Книга Лепестки на ветру - Вирджиния Клео Эндрюс
Шрифт:
Интервал:
Закладка:
Первая часть была сыграна. Часть вторая начнется тогда, когда моя мать узнает, что я ношу ребенка Барта, а еще есть бабушка, с нее тоже причитается и немало. Подняв глаза, я увидела, что горы самодовольно ухмыляются, устремляясь вверх. Я наконец ответила на их призыв. На их мучительный вопль о мести.
— Кэти, ведь ты говорила мне, что предосторожности не нужны!
— Они и не были нужны. Я хочу от тебя ребенка.
— Ты хочешь от меня ребенка? Что ты, черт возьми, себе думаешь, что я женюсь на тебе?
— Нет. У меня свой расчет. Я предполагала, что ты позабавишься со мной, а затем вернешься к своей жене и найдешь себе другую забаву. А у меня останется то, что я сама себе распланировала — твое дитя. Теперь я могу отваливать. Так что поцелуй меня, Барт, как еще одну из твоих маленьких интрижек.
Он разозлился.

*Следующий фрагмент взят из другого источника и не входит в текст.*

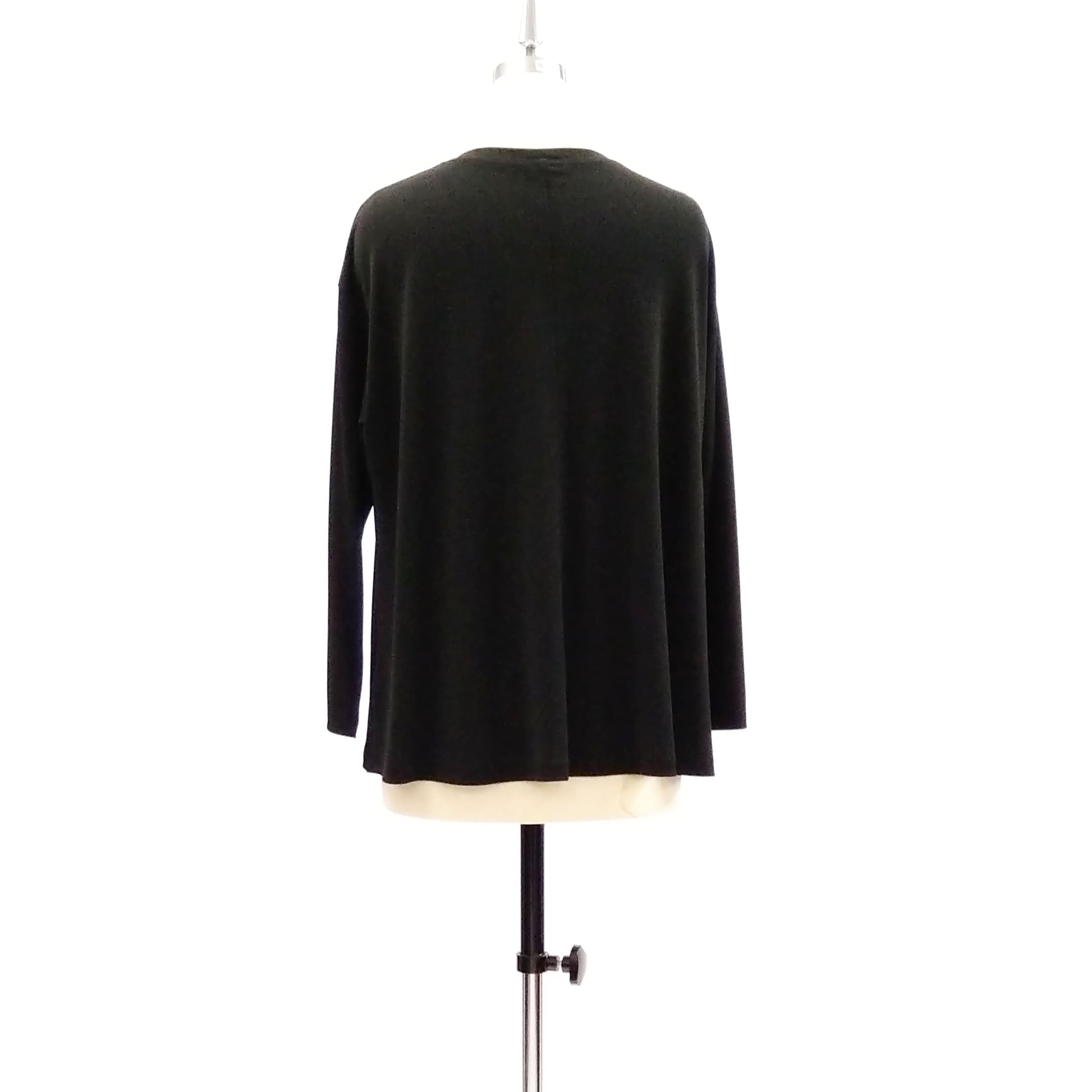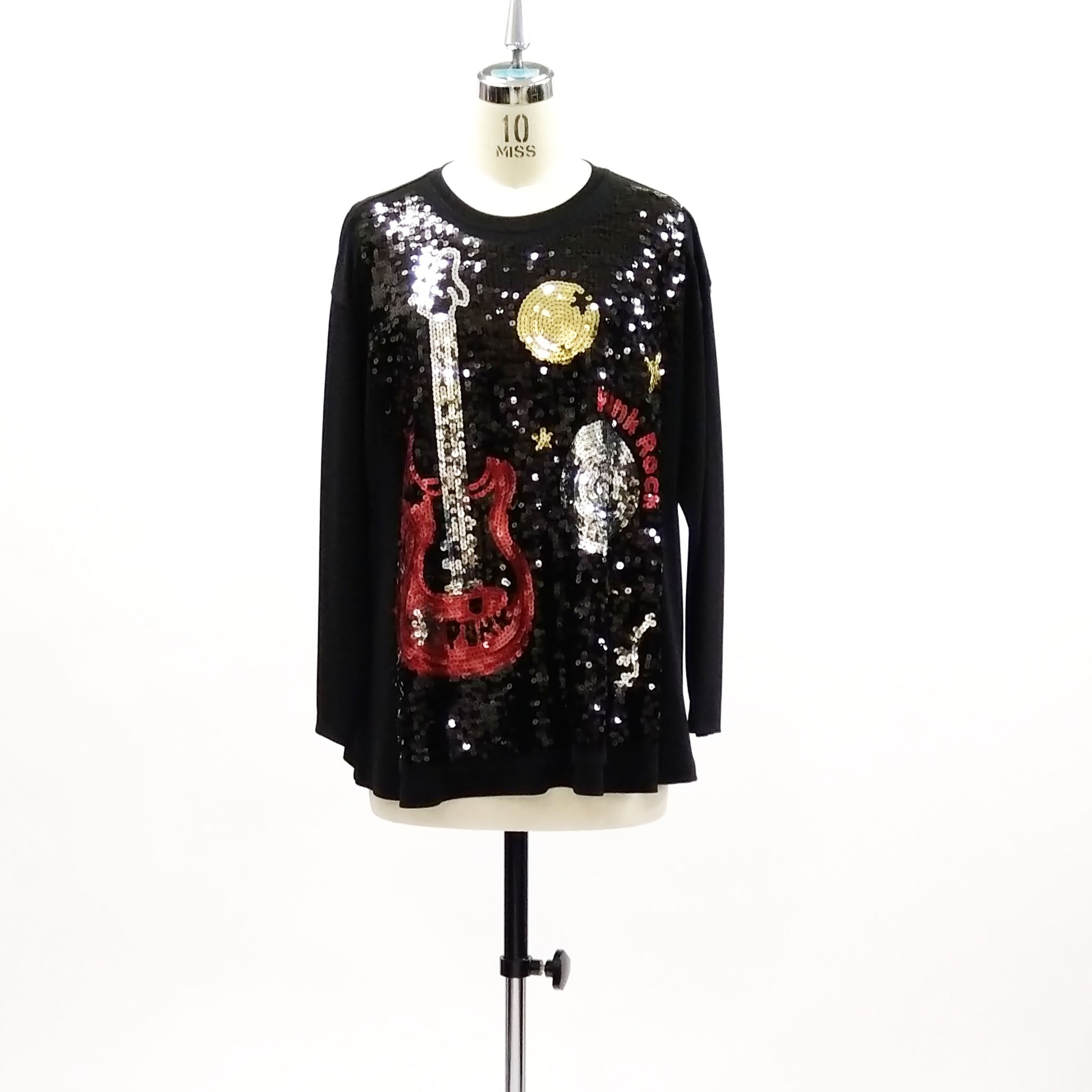定番のベアスムースに少し肩が落ちるドルマンスリーブ風に仕上げた丸首Tシャツ。スタイルはゆったり着れる感じのTシャツですが、前全面にスパンコールで描かれた個性あふれる刺繍がTOKUKOならではの製品に仕上げられています。
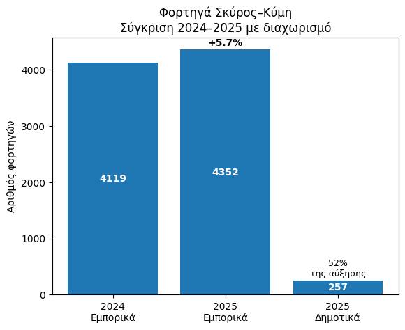 (Η συνολική αύξηση των φορτηγών κατά 11,9% οφείλεται σε σημαντικό βαθμό (6,2%) στη μεταφορά απορριμμάτων του Δήμου Σκύρου στον ΣΜΑ Κύμης, (257 οχήματα κατά το 2025).
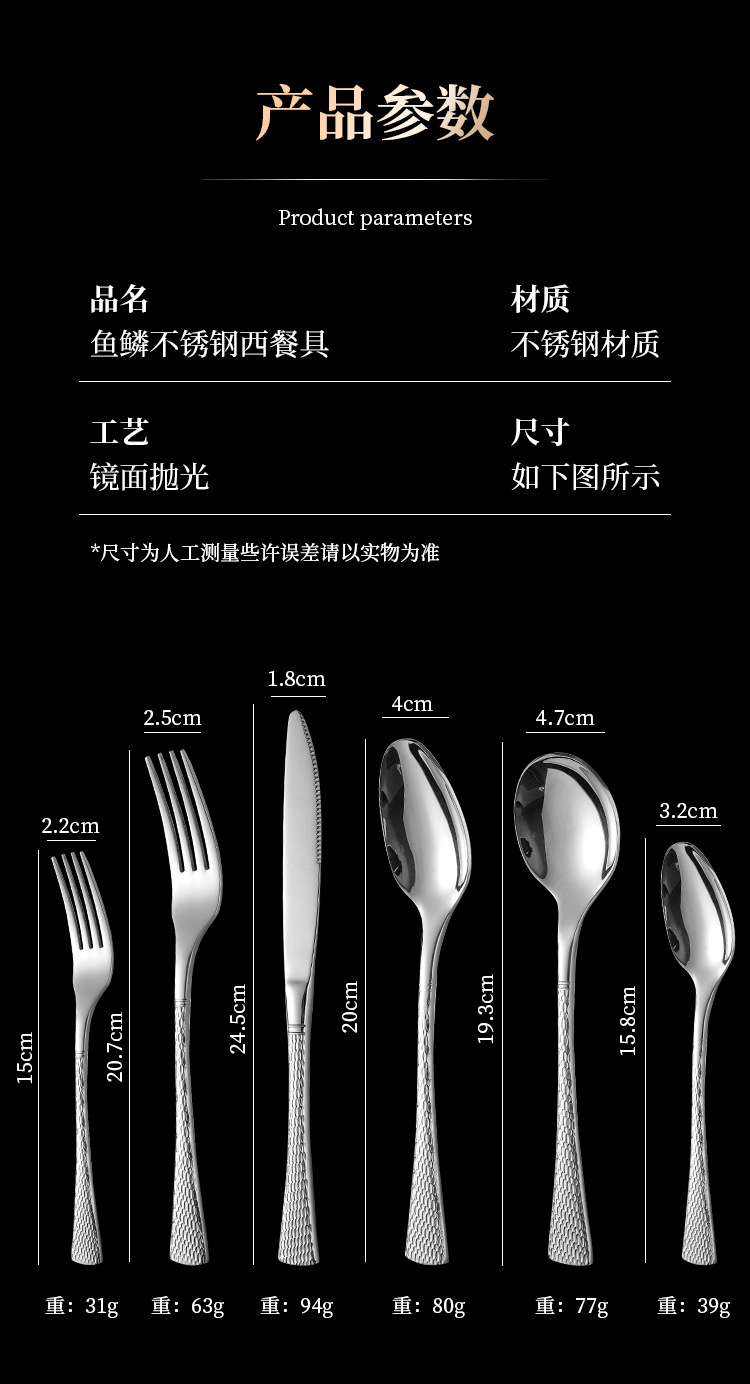 | 貨號 | 13-A54 雙面魚尾紋餐具(304#) |
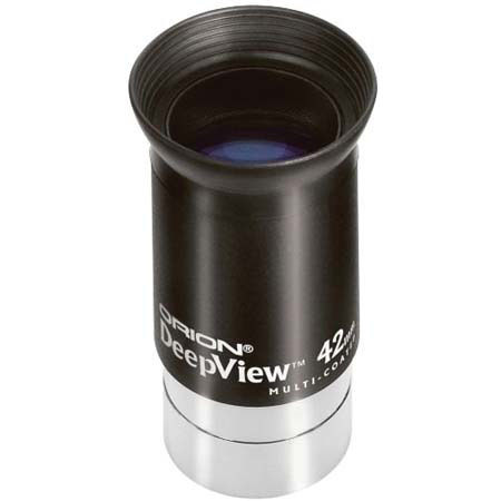 The Orion 42mm DeepView Eyepiece provides the brightest and sharpest images of deep-space objects with low power and a wide field of view. It features anodized aluminum housings and a 3-element lens design with multi-coatings for efficient light transmission. Eye relief is 20mm - a welcome spec for eyeglass wearers - and the rubber eyeguards fold down out of the way if desired.
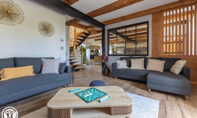 Located in a peaceful and green setting, this cottage is perfect for your reunion with family or friends! Outside, you will find a terrace ideal for al fresco dining and relaxing moments, as well as a garden where you can relax and enjoy the surrounding nature. Inside, the living room is characterized by beautiful exposed beams, combining rustic charm and modernity. The kitchen includes everything needed to prepare delicious meals using modern, high-quality equipment. The large dining table will be ideal for your convivial meals near the pellet stove, creating a cozy atmosphere in winter. The cocooning lounge will be the perfect place to relax while listening to music or playing a board game with others. As for the rooms, they are tastefully decorated, true havens of peace offering optimal comfort. The icing on the cake: the covered jacuzzi, installed in the old bread oven, which offers a unique space for moments of total relaxation. For even more relaxation, you can also enjoy the spa bath. This cottage is the ideal place to spend an unforgettable vacation, whether to relax, explore the region or simply enjoy precious moments with your loved ones. The cottage is composed on the ground floor: -a kitchen with standing eats open to the dining room with pellet stove -a cocooning lounge -a laundry room with everything you need -a separate toilet with hand basin Upstairs: -a bedroom/office with a 2x80 trundle bed -a bedroom with a 160 bed -a bedroom with a 160 bed -a bathroom -a bedroom with two 80cm beds that can be joined together -a bedroom with two 80cm beds that can be joined together -a bathroom/bath with shower and spa bath -a separate toilet with hand basin electric charging station
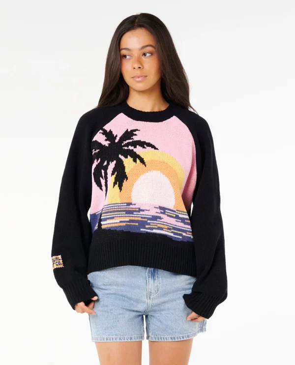 Bring tropical vibes to cooler days with the Paradise Knit Crew Fleece, featuring a vibrant sunset scene with palm trees and ocean waves. Soft and cozy with a clean black back, it’s the perfect blend of comfort and surf-inspired style.
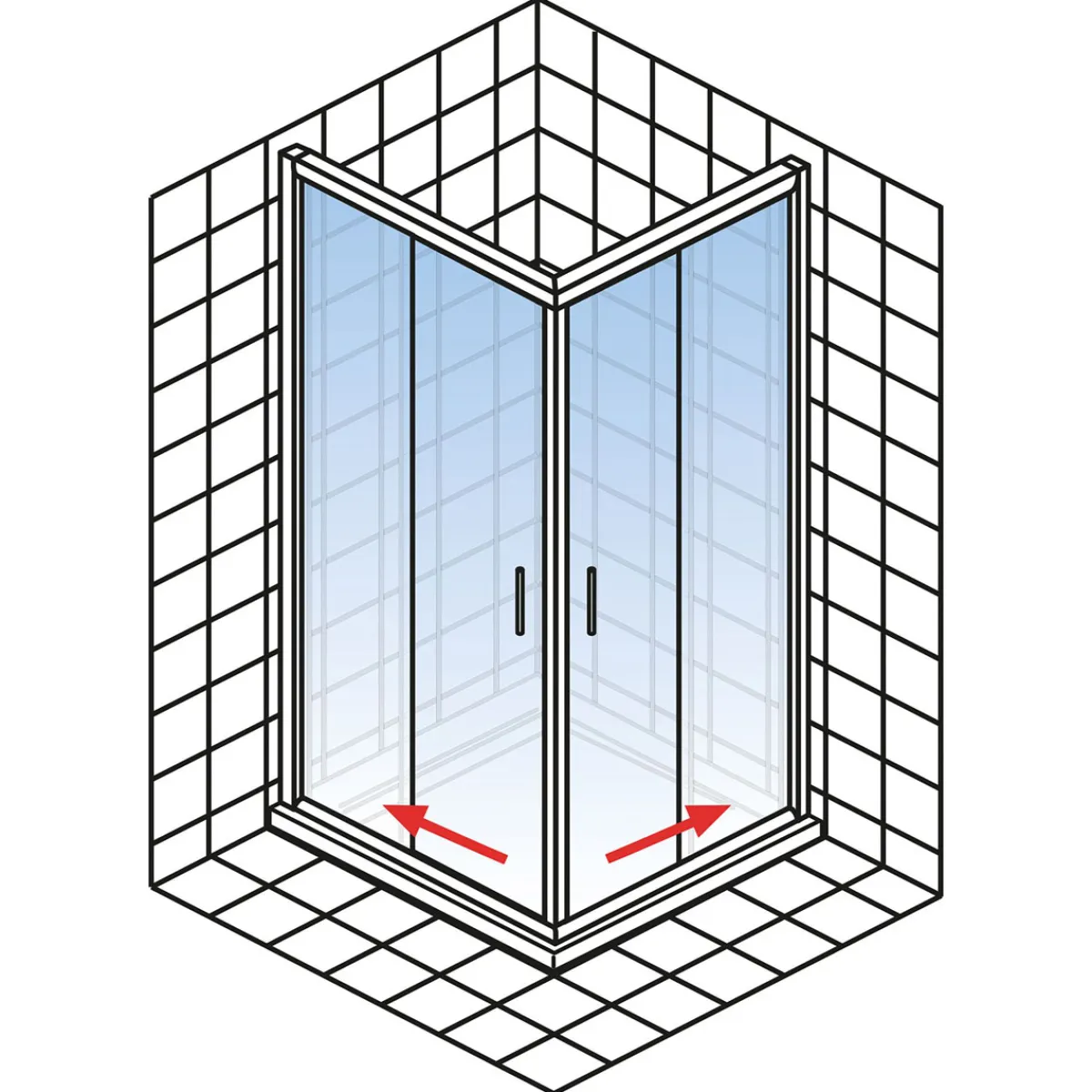 Der vierteilige Eckeinstieg mit Schiebetüren punktet darüber hinaus mit seiner Flexibilität: Je nach Einbausituation haben Sie die Möglichkeit, die Profile individuell anzupassen. Ziehen Sie hierfür einfach die Aluminiumprofile ein Stück weit auseinander, bzw. schieben Sie sie zusammen.

Мы сидели в моей гостиной, а за окном бушевала метель. Снег громоздился огромными сугробами высотой до самого окна, а я была у камина и вязала детскую кофточку, чтобы затем перейти к пинеткам. Я собиралась провязать две петли вместе, но тут Барт схватил мое вязание и отшвырнул его в сторону.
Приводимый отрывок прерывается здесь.